WHAT YOU HAVE TO DO: For the entries that follow, retype exactly the lines from the one containing "(yellow dot icon)." to the one containing "(3,3, 0) är", inclusive, and only those. Images stay out of the copy.

INPUT DATA:
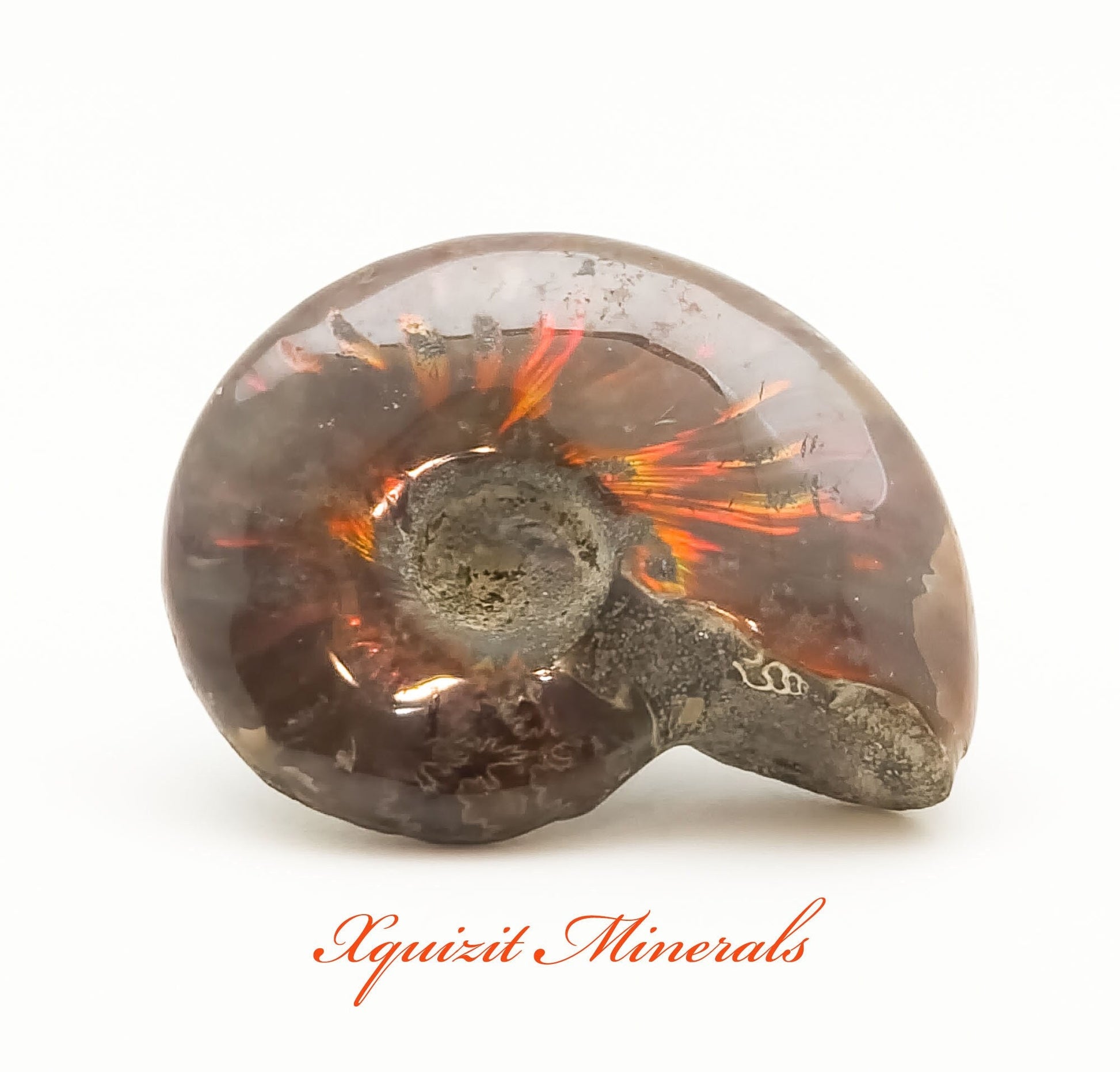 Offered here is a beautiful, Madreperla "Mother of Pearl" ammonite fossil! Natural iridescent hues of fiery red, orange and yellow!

...

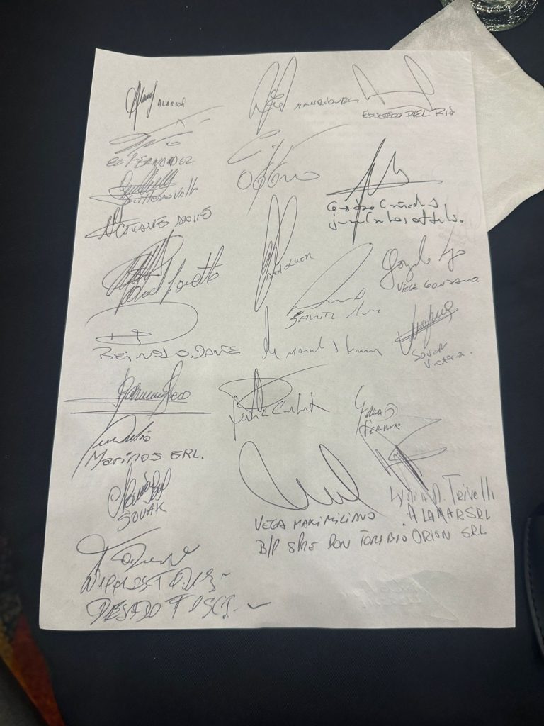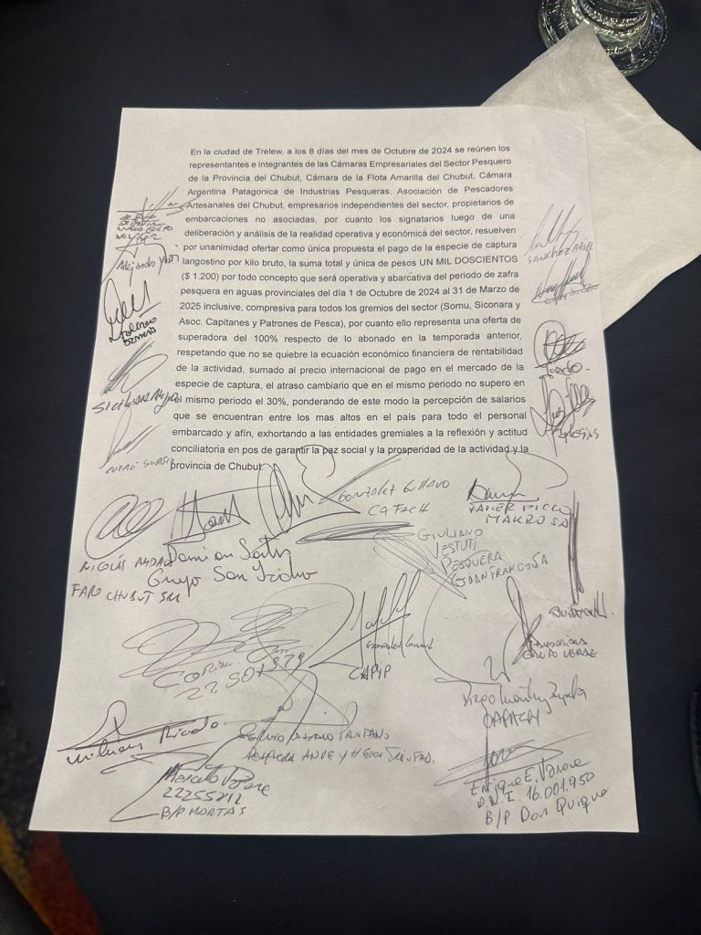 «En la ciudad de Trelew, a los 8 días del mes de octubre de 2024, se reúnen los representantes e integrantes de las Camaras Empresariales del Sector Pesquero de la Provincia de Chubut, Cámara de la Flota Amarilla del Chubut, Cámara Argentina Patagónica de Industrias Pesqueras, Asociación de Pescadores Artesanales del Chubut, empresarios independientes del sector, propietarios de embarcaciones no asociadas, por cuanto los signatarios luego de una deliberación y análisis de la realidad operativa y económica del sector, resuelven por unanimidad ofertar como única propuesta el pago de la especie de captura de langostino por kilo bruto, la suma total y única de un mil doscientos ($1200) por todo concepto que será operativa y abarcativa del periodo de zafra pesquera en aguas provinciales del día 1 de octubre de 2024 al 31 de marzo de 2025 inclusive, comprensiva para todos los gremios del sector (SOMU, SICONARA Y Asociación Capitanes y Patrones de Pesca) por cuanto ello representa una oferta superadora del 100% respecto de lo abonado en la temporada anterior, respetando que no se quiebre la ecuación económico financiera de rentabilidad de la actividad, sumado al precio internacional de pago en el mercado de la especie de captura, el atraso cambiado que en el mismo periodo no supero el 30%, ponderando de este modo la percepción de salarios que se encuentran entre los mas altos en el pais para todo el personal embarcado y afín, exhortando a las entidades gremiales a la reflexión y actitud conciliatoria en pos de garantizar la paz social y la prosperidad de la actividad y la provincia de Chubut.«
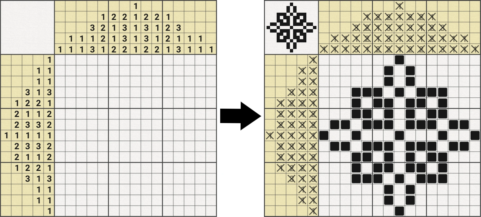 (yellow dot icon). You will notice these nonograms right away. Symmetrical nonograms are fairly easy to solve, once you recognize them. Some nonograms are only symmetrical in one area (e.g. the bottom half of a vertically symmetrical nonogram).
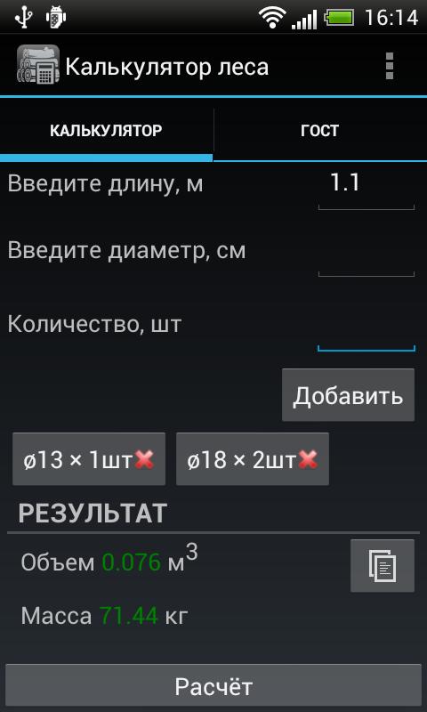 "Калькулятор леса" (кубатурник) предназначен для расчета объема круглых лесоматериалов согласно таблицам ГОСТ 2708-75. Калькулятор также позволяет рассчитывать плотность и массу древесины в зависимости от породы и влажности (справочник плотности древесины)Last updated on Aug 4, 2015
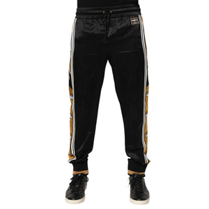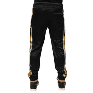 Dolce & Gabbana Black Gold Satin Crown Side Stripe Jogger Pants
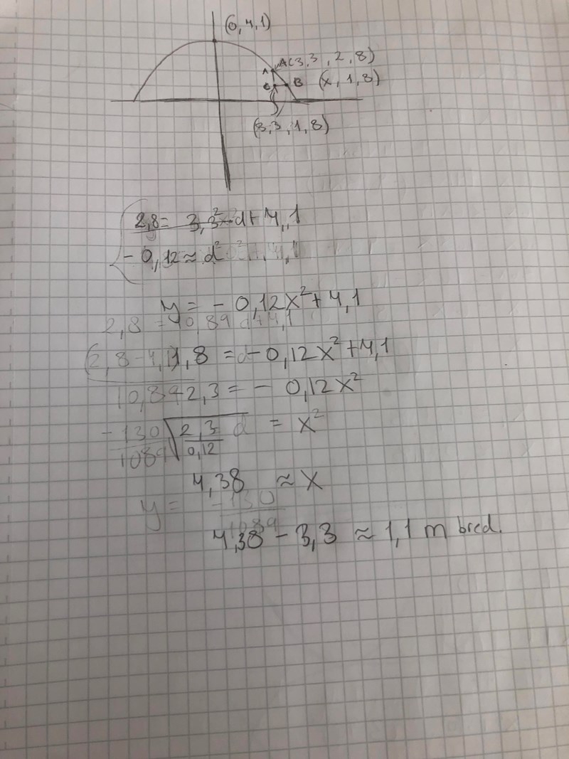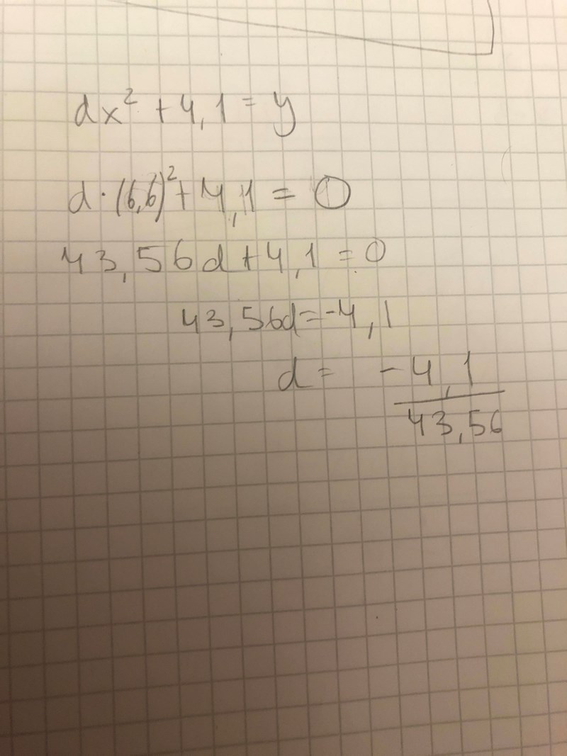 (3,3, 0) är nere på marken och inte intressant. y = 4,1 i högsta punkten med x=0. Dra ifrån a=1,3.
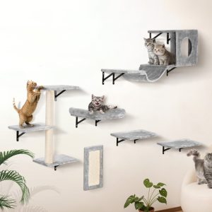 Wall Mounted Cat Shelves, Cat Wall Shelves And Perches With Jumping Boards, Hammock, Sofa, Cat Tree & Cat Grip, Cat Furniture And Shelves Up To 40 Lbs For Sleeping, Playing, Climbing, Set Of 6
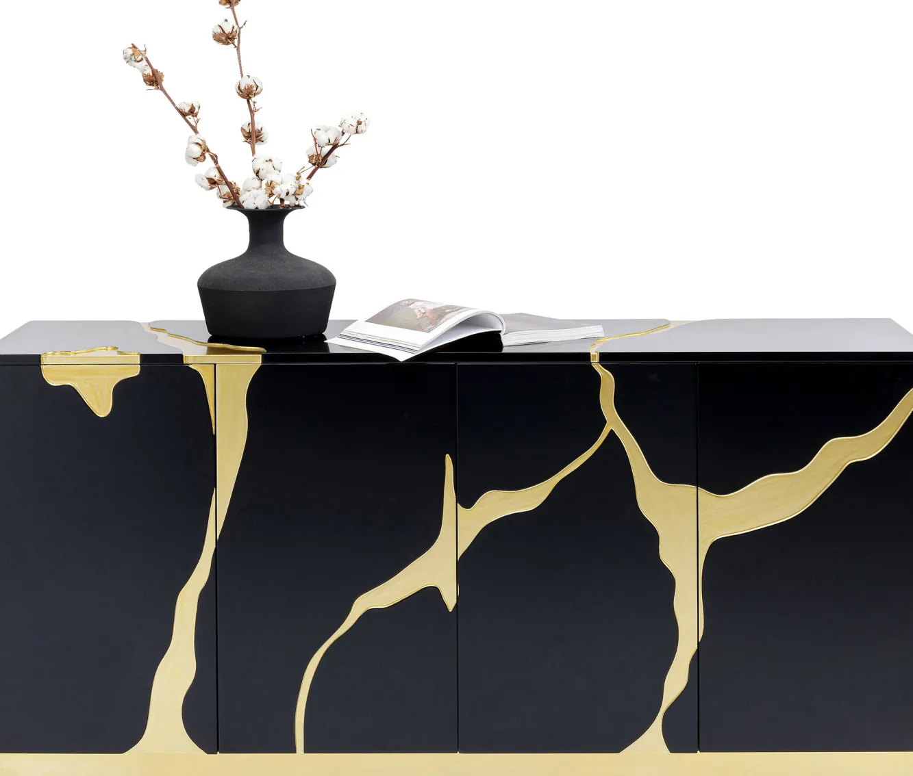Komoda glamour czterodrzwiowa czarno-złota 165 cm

ANSWER SECTION:
 (yellow dot icon). You will notice these nonograms right away. Symmetrical nonograms are fairly easy to solve, once you recognize them. Some nonograms are only symmetrical in one area (e.g. the bottom half of a vertically symmetrical nonogram).
 "Калькулятор леса" (кубатурник) предназначен для расчета объема круглых лесоматериалов согласно таблицам ГОСТ 2708-75. Калькулятор также позволяет рассчитывать плотность и массу древесины в зависимости от породы и влажности (справочник плотности древесины)Last updated on Aug 4, 2015
 Dolce & Gabbana Black Gold Satin Crown Side Stripe Jogger Pants
 (3,3, 0) är nere på marken och inte intressant. y = 4,1 i högsta punkten med x=0. Dra ifrån a=1,3.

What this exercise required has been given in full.